Qatar detains workers who held rare protest over unpaid salaries
Qatar has detained more than 60 workers who held a rare protest against unpaid wages, with some threatened with deportation just months before the FIFA World Cup.
Migrant Rights, an NGO based in GCC, said the Al Bandary Engineering and Electro Watt Company had not paid its workers for the last six months.
Both companies are owned and operated under the umbrella of the Bandary International Group. The company's website says Qatar had awarded it some of the biggest projects in Qatar worth millions of Qatari riyals.

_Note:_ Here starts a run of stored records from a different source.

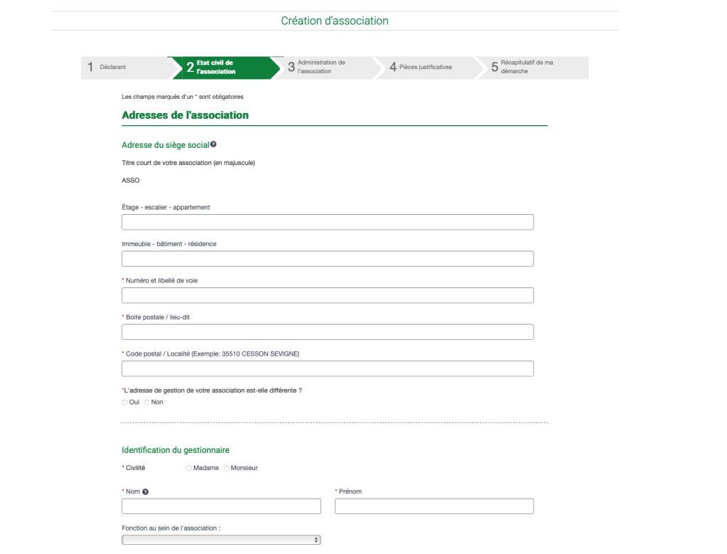 - Ensuite, renseignez plusieurs informations concernant l’organisation. Il s’agit de “l’état civil de l’association”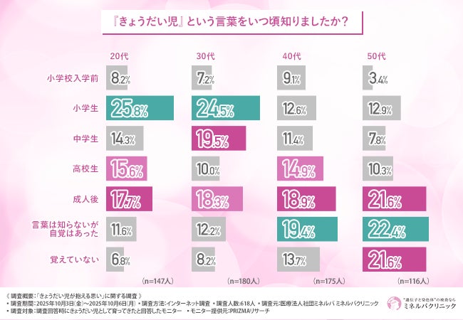 「きょうだい児」という言葉の認知時期は、20〜30代では「小学校低・中・高学年」が中心だったのに対し、40〜50代では「言葉は知らないが自覚はあった」の回答が最多となりました。
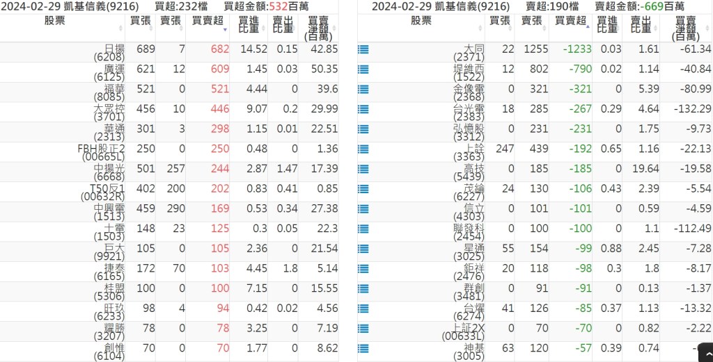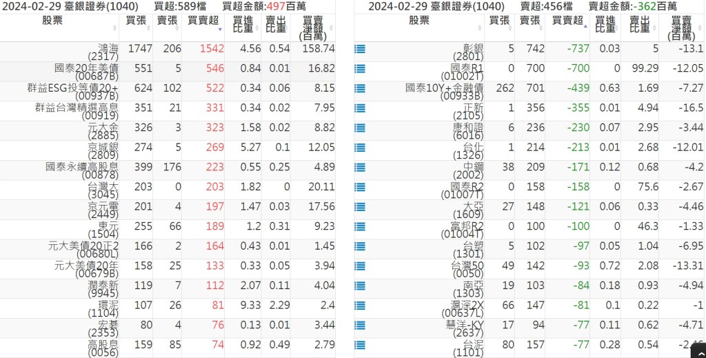 2024-0229關鍵券商買賣超 2024-02-29 股狗網小編 籌碼面每日資訊 發表留言 關鍵券商買賣超: 臺銀證券(1040): 台灣摩根士丹利(1470): 凱基台北(9268): 凱基信義(9216): 元大土城永寧(9875): 康和永和(845B) : 富邦建國(9658): 免責宣言 本網站文章所提供資訊僅供參考,並無任何推介買賣之意,投資人應自行承擔交易風險。 分享此文: 分享到 X(在新視窗中開啟) X 分享到 Facebook(在新視窗中開啟) Facebook 喜歡 正在載入...
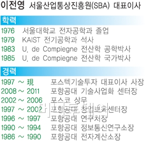 지난달 14일 서울시 산하기관인 서울산업통상진흥원(이하 SBA) 새 대표이사에 포스텍기술투자 대표를 역임한 이전영 포항공대 부교수가 임명됐다.

Detained workers told Migrant Rights that at least 25 to 30 people are being kept in one room. According to the NGO, some workers said Qatar had deported several workers already with only part of their pay settlement.

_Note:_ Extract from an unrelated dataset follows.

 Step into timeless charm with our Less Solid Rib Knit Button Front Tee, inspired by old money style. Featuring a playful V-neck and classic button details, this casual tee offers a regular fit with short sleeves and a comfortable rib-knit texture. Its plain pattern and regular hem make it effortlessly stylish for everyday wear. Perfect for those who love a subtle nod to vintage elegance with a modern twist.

"[The detained workers] say that officials have switched off the AC, taunting them that if they can protest in the heat, they can manage without it," Migrant Rights wrote on Twitter.
"Temperatures this week are reaching 40 degrees Celsius."

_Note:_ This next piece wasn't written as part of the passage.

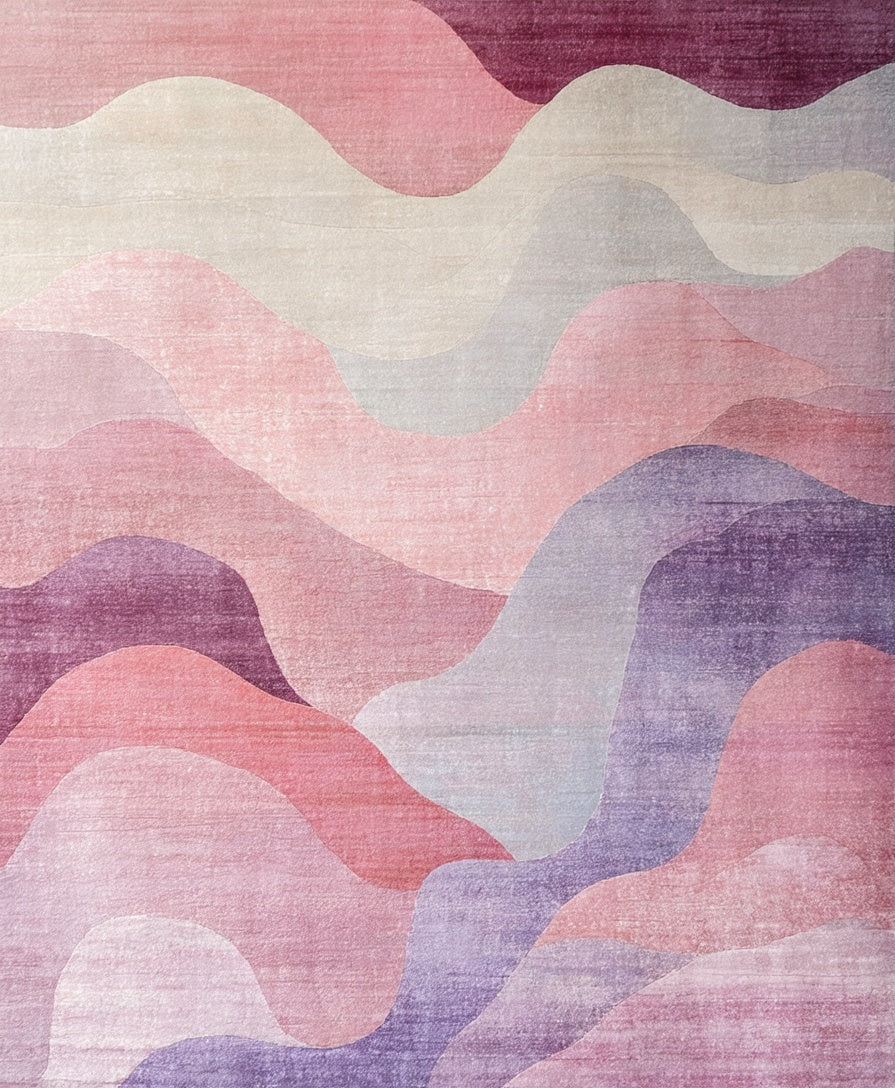 Flatwoven High Traffic Area Rug, Blush Mirage with Pastel Mauve Waves and Rose Pink Accents, Non Slip, Stain Resistant, Washable Area Rugs for Living Room, Bedroom (Pink) Overview:

Qatar did not comment on these allegations at the time of writing.
Workers and trade union representatives told the NGO that the company had promised them their salaries on 11 August.
But when they were denied their wages and had the electricity cut from their company-owned accommodation, the workers went on strike.
Workers right to protest violated
Last Sunday, 200 workers took to the streets of Doha to demand their unpaid wages outside the Bandary International Group's offices in Qatar.
Images posted online showed workers gathering outside the engineering company shouting slogans and demanding their unpaid salaries.
Al Bandary International Group did not respond to Middle East Eye's requests for comment at the time of writing.
Equidem, a rights NGO that focuses on labour rights in the Gulf, said it was concerned by reports that Qatar had arrested workers for peacefully protesting.
"Equidem is concerned that Qatar authorities have violated the right of these workers to strike and peaceful assembly," Equidem said on Twitter.
"Some of these workers may have been subjected to ill-treatment in detention and have failed to ensure their employer pays the wages owed to them.
"We remain concerned that despite the labour reforms, Qatar appears far more willing to enforce laws to suppress strikes and deport workers who complain about treatment, in violation of Qatar's human rights treaty obligations, than punish companies that do not pay their workers."
Since being awarded the World Cup tournament, Qatar has been under intense pressure to reform its labour rights and ban the exploitative kafala system.
But despite making strides in labour reforms, migrant workers in Qatar are still banned from joining trade unions and participating in strike action.
Last year, hundreds of migrant workers in Qatar went on strike to protest poor working conditions, unpaid and delayed wages, and threats of reduced wages.